Researchers at Trinity College Dublin in collaboration with colleagues in the Department of Neurology at St Vincent's University Hospital and University College Dublin have recently reported new insights into cognitive changes in multiple sclerosis, using newly developed signal processing methods. The findings have been recently published in the international journal PlosOne.
The multidisciplinary research involved neurologists, biomedical engineers and neuropsychologists. Their focus was on cognitive impairment which affects nearly 65% of multiple sclerosis (MS) patients and can occur in the absence of physical disability. Dysfunctions in speed of information processing, attention, memory and executive functions are most typically observed in MS patients, which have an adverse impact on daily life. It is important to recognise cognitive impairment as early as possible and to monitor its course frequently. However, neuropsychological tests to assess cognitive function can only be carried infrequently and do not provide an objective measure of cognitive impairment.
The research team was led by Professor Richard Reilly, Professor of Neural Engineering at Trinity College, and Professor Niall Tubridy, Department of Neurology at St Vincent's University Hospital. They addressed cognitive impairment assessment by developing new mathematical methods to extract information from MS subjects' scalp with electroencephalography (EEG) data that allows objective measurement of cognitive function at frequent intervals and more importantly offers new insights into the origins of this cognitive impairment in MS.

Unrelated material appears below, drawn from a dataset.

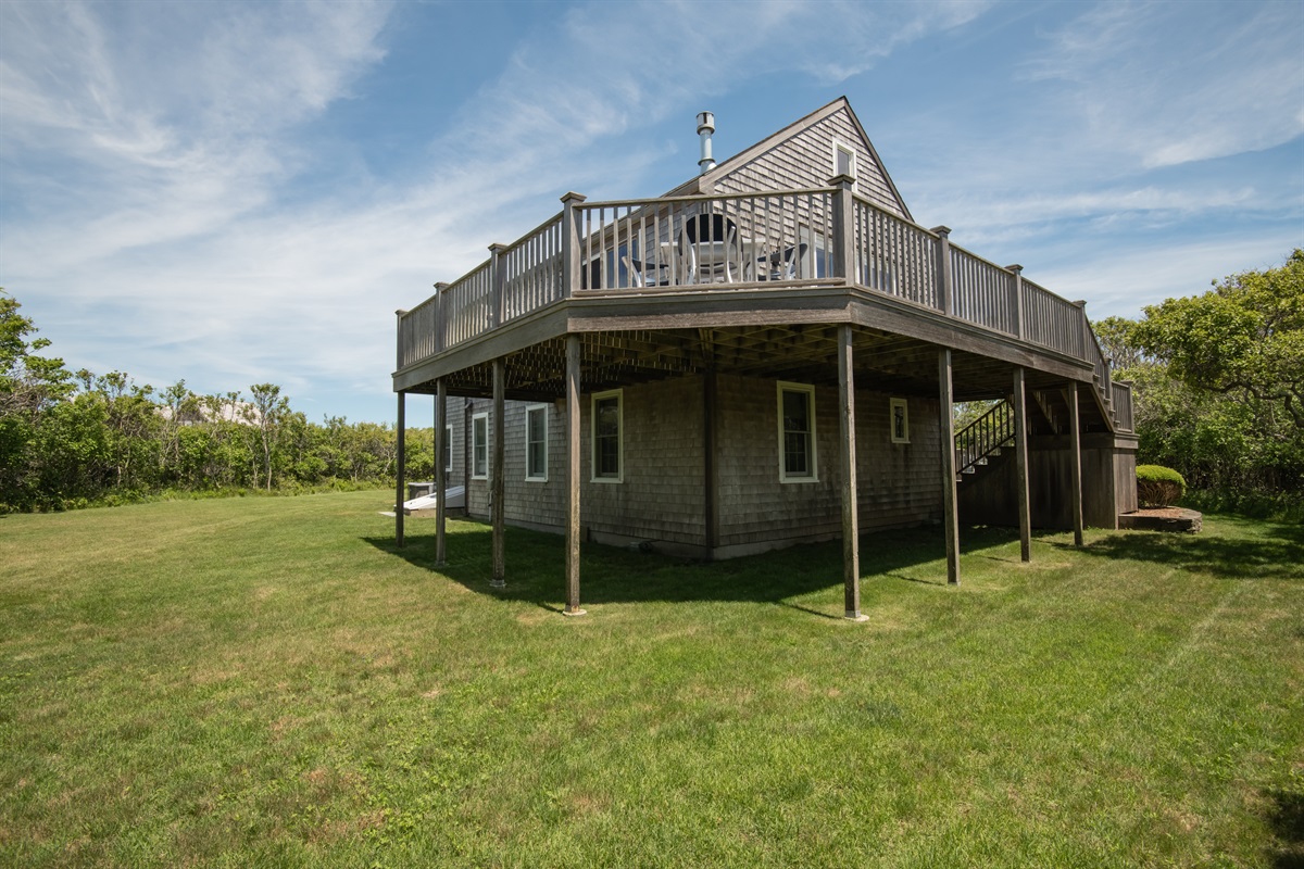 This home is a newly refurbished, clean and chic "upside down" beach house in Tom Nevers. 3 bedrooms plus a sleeping loft can accommodate up to 8 guests comfortably. Home features 3 full baths and a large wraparound deck, wonderful ocean views, spectacular sunsets, and an open floor plan. Short walk to ocean, 6 miles from town. Includes beach chairs, sand toys and beach tent. Also, towels and bed/bath linens are kept fresh and new for your comfort.

The team acquired EEG data using 128-scalp electrodes from 95 subjects (MS patients and controls subjects) while they completed a series of visual and auditory stimulus experiments. They then employed their newly developed mathematical methods to process the spatiotemporal EEG data developing a measure of cognitive function.

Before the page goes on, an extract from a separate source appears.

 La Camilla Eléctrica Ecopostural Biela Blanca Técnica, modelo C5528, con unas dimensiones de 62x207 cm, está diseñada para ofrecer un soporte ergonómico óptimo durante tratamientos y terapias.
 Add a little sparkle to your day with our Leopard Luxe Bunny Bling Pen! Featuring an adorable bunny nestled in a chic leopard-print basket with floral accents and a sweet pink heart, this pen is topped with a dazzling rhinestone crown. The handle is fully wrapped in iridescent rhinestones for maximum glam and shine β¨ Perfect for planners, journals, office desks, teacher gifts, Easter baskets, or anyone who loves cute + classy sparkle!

Professor Reilly commented that "objective, reliable EEG methods such as these developed in this study may have the potential to aid the detection and monitoring of cognitive impairment in MS, and therefore to complement clinical neuropsychological assessment."
Professor Tubridy added that "the relationship between pathological changes in the brain white and grey matter, neurophysiological and neuropsychological cognitive function is imprecisely defined in MS. This study provides new information on the impact of the cognitive impairments on the condition and will help us look for new interventions to improve the quality of life of our patients".

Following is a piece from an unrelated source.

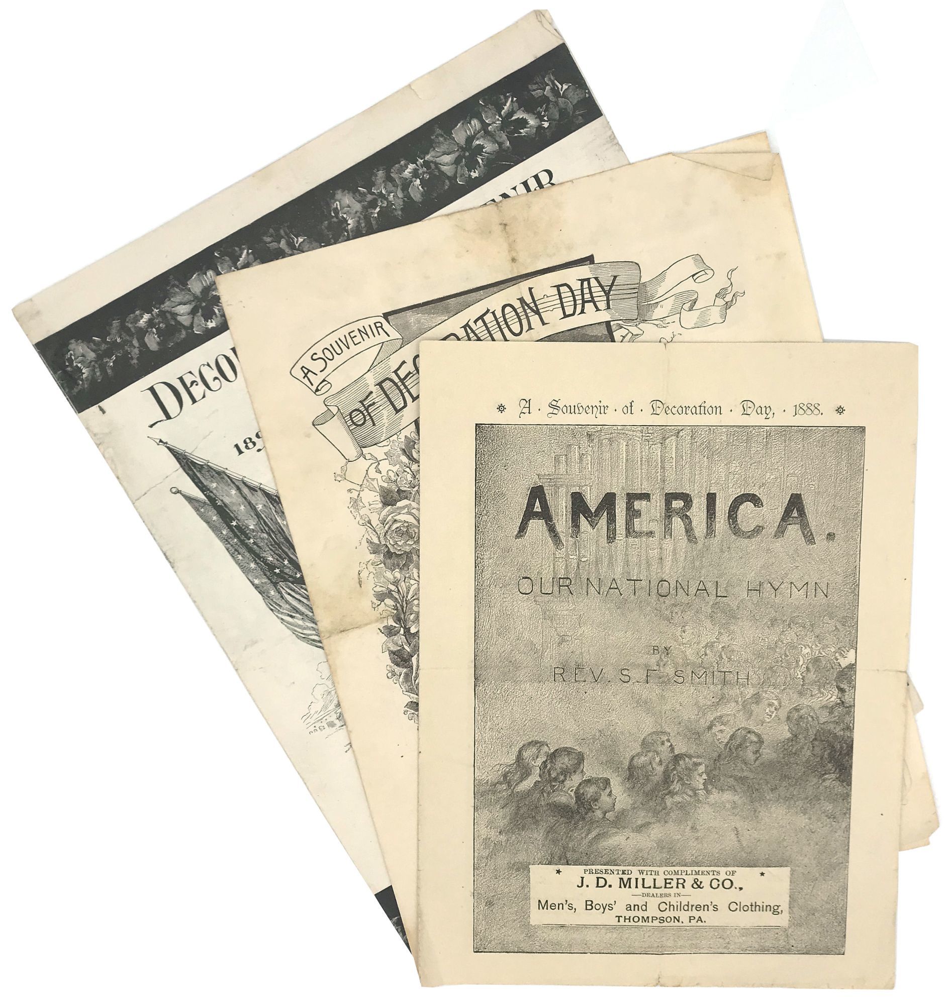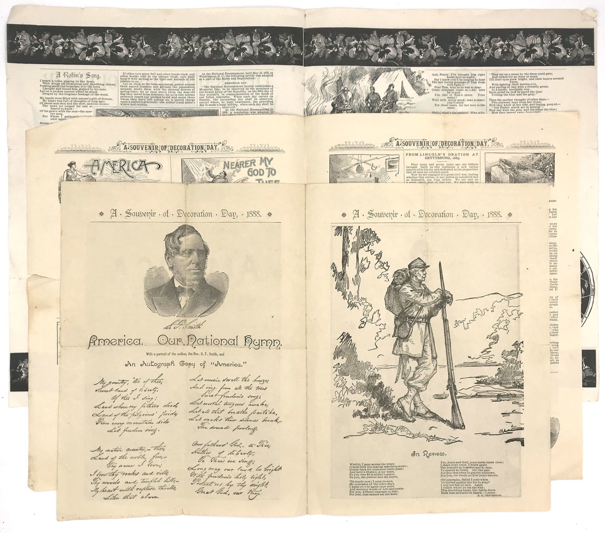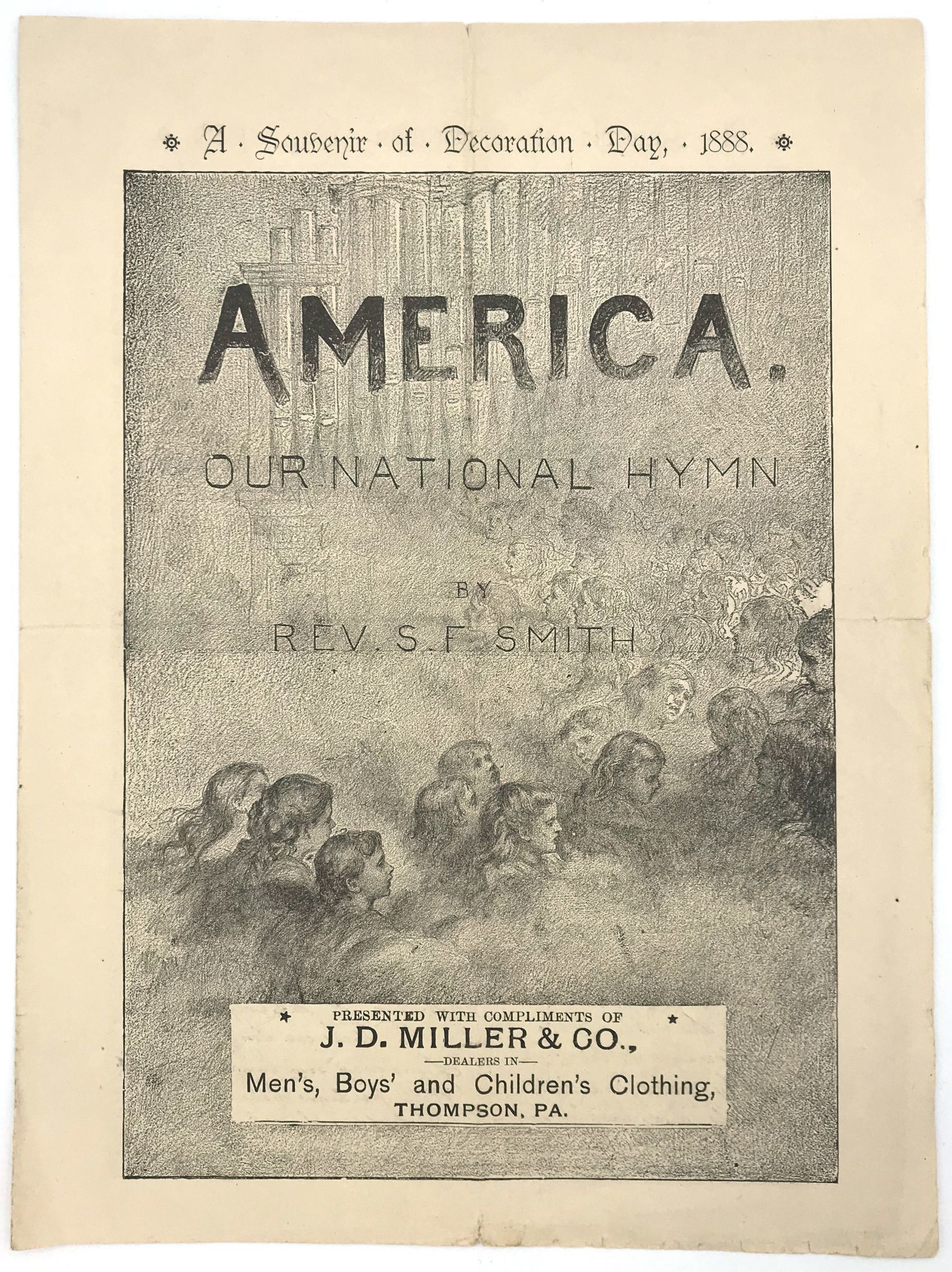 A Souvenir of Decoration Day, 1888. America. Our National Hymn by Rev. S.F. Smith. Presented with Compliments of J.D. Miller & Co., Men's, Boys' and Children's Clothing, Thompson, PA. Bifolium (11" by 8"), with illustrations. Includes a facsimile autograph copy of Smith's lyrics.

Professor Reilly added that "future studies will explore the neural information using new advanced data analysis methods such as approaches to model the distributed nature of EEG by incorporating activations and structural information from individual subjects' MRI image data". In addition, he said that "longitudinal studies of EEG scalp and deeper brain electrical activity spanning over several years are required to fully determine if EEG data has clinical utility in predicting the changes in cognitive function in MS".